The non-profit Internet Archive, libraries at the University of California and the University of Toronto and technology suppliers Hewlett-Packard Co and Adobe Systems Inc are among the founders of the group.
The organisation, known as the Open Content Alliance (OCA), plans to create a unified storehouse of both public domain and copyright materials, hosted by the Internet Archive.
This potentially vast library would be searchable and freely available to anyone, whether individual web surfers or commercial sites, its promoters said.
“The goal is to really spur the expansion of books, audio and video being made available online through this alliance,” said David Mandelbrot, Yahoo’s vice president of search content – in charge of licensing the media featured on Yahoo’s site.
The Yahoo-backed consortium poses a challenge to Google Inc which has been working for the past year on an ambitious project to scan the contents of five of the world’s great academic libraries to make the books freely available online – unless copyright holders first object.
The Google and Yahoo projects are just the latest in a long list of projects to digitise academic collections. The pioneering Project Gutenberg, which scans literary works in the public domain, has been underway since the early 1970s.
“The initiative seems to respect the rights of creators to determine how their works will be used, and this has been our concern and objective all along”
Initially, several OCA members will work digitising about 18,000 works of American literature that have been defined as the “canon collection” by the University of California.
These works – which include many of the writings of Mark Twain, Henry James and Edgar Allen Poe, as examples – will begin appearing on the OCA site by the end of this year, with the entire collection set to be online by the end of next year.
The European Archive and the National Archive in Britain have also signed on as founders of the OCA, but are determining what material to contribute, Mandelbrot said.

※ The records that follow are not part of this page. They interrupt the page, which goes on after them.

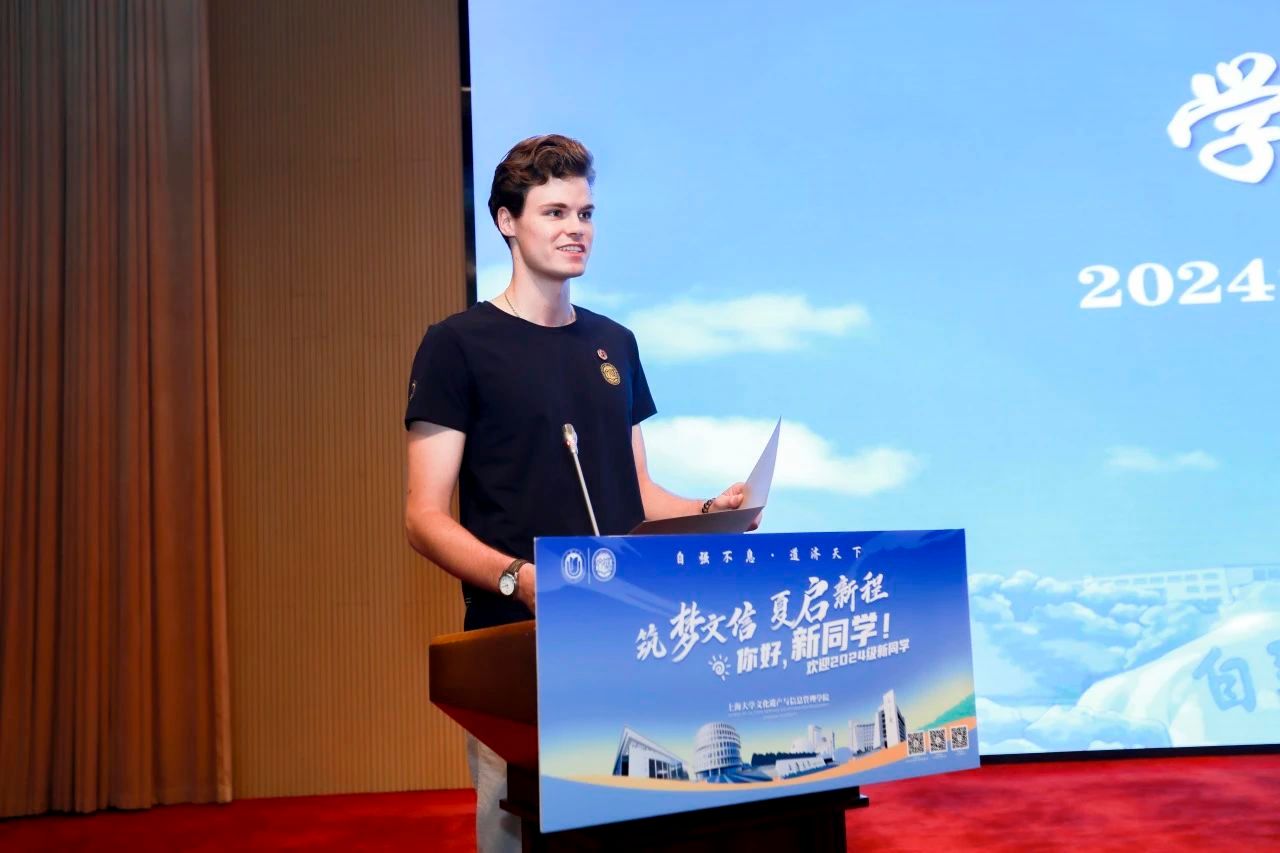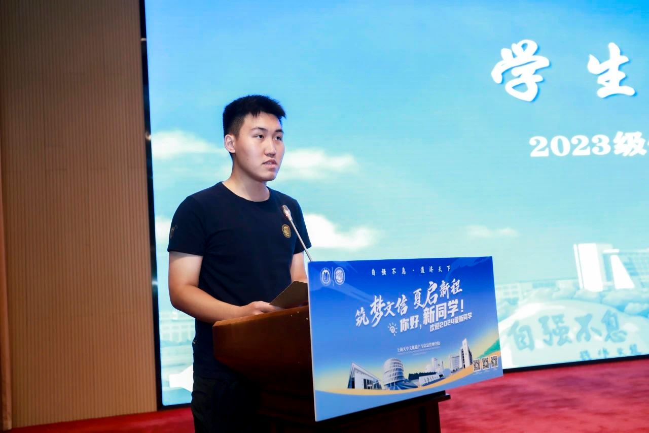 2023级本科生王仕达表达了对学院的敬意,并展望了即将开始的大学生活。他表示,信息资源管理专业的学生不仅要有扎实的理论基础,还要具备敏锐的洞察力和创新的思维,学会如何在数字化时代中保护和传播人类宝贵的文化遗产。文信学子肩负着守护和传承文化的重要社会责任,他呼吁同学们用专业的知识和技能为文化遗产的保护、传承与发展做出贡献。
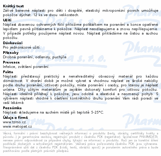 Zářivé barevné náplasti pro děti i dospělé, elastický mikroporézní povrch umožňuje pokožce dýchat. 12 ks ve dvou velikostech.
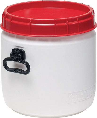 mit großer Einfüllöffnung · mit Schraubverschluss · stabile Kunststoffgebinde ohne Metallbestandteile · stapelbar · UN-X-Zertifizierung für Feststoffe · luft- und wasserdicht · orginalitätssicher zu verplomben, lebensmittelrechtliche Unbedenklichkeit · max. Fülltemperatur bis 70 °C · der Inhalt muss auf 30 °C abgekühlt sein, bevor man das Fass schließen und stapeln kann
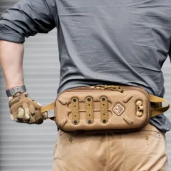 The pack-length is perfect for horizontal waist wear. Light aerated padding is quilted by military modular webbing for adding pouches/tools, etc. to the strap in either wear style. Top/bottom handles aid in pulling around or hanging up.
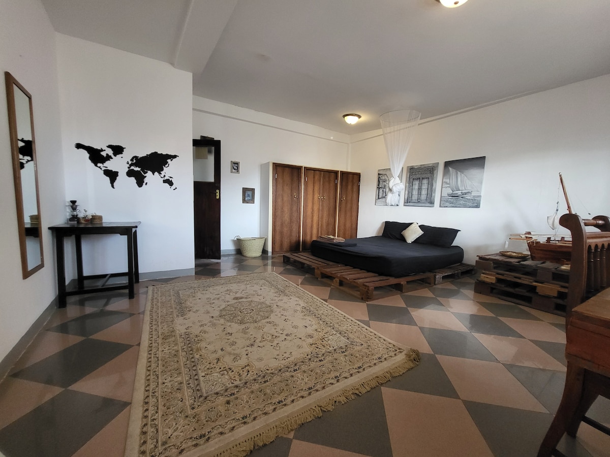 Ten przytulny, zabytkowy apartament na dachu łączy w sobie dawny urok z nowoczesnymi udogodnieniami – klimatyzacją, Wi-Fi, gorącym prysznicem i w pełni wyposażonym aneksem kuchennym. Wypij kawę o wschodzie słońca lub zimny napój o zachodzie słońca, podziwiając dachy Stone Town. Spaceruj po pobliskich targowiskach z przyprawami, odkrywaj kręte uliczki i odwiedzaj kultowe miejsca, takie jak targ Forodhani i Stary Fort. Bezpłatny odbiór z lotniska lub promu w przypadku pobytów obejmujących co najmniej 3 noce. Idealne dla par, podróżujących w pojedynkę lub profesjonalistów pracujących zdalnie.

Yahoo will supply its search technology for use on the OCA archive. It also plans to make the contents of the OCA digital media archive searchable through its own Yahoo search site.
Academic and commercial publishers praised the concept.
“The initiative seems to respect the rights of creators to determine how their works will be used, and this has been our concern and objective all along,” said Pat Schroeder, CEO of the Association of American Publishers.
Gary Price, an analyst with SearchEngineWatch, envisions a literature professor being able to build a custom search system of OCA’s archive that would have students link only to the contents of specific books assigned by the professor.
“Not only is the material in the database open but also the database itself,” said Price who was briefed on Yahoo’s plan.